(What you have to do):
What you write must match, character for character, the lines from the one with "مادة جيدة: جسم" down to the one with "High angle top-down" in the listing below, minus its pictures.

(Task material):
---+---
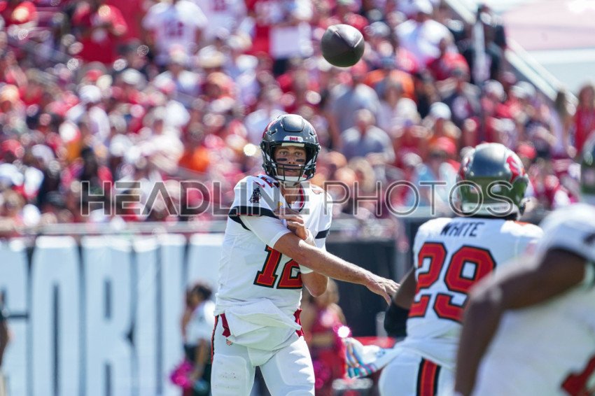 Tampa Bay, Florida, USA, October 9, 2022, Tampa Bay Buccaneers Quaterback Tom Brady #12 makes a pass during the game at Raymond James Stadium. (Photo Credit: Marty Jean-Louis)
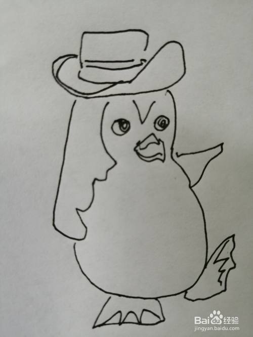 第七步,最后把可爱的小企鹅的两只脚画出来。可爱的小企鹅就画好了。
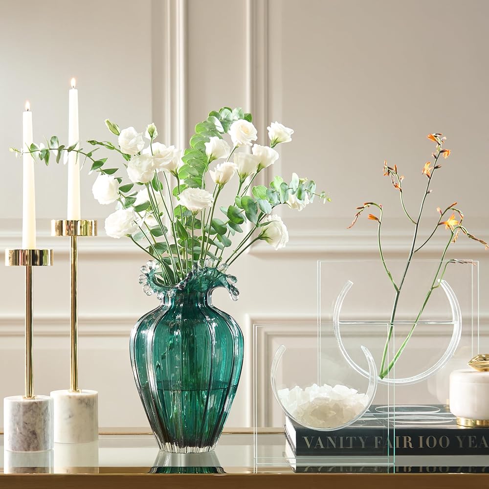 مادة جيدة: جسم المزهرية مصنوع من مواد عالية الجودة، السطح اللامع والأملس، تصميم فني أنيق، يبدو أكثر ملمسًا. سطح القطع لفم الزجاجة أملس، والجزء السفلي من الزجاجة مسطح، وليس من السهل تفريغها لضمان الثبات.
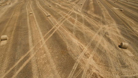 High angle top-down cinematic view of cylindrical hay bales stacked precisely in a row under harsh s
---+---
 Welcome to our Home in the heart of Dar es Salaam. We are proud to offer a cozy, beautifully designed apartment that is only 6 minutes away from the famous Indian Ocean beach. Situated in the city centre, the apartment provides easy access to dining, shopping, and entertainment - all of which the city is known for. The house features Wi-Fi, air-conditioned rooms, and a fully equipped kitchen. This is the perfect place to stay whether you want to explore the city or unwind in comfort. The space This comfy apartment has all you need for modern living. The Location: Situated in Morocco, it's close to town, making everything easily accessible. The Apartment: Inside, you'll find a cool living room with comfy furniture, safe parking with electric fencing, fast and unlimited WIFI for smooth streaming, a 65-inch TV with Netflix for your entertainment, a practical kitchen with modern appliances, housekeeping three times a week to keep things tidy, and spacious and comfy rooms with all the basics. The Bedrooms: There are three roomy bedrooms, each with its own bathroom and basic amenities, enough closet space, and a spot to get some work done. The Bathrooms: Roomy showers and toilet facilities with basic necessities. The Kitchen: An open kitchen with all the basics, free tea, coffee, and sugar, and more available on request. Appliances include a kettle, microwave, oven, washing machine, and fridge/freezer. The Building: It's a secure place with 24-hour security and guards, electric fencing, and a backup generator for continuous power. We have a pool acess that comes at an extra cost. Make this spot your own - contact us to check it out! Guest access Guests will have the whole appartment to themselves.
---+---
(Result of this task):
 مادة جيدة: جسم المزهرية مصنوع من مواد عالية الجودة، السطح اللامع والأملس، تصميم فني أنيق، يبدو أكثر ملمسًا. سطح القطع لفم الزجاجة أملس، والجزء السفلي من الزجاجة مسطح، وليس من السهل تفريغها لضمان الثبات.
 High angle top-down cinematic view of cylindrical hay bales stacked precisely in a row under harsh s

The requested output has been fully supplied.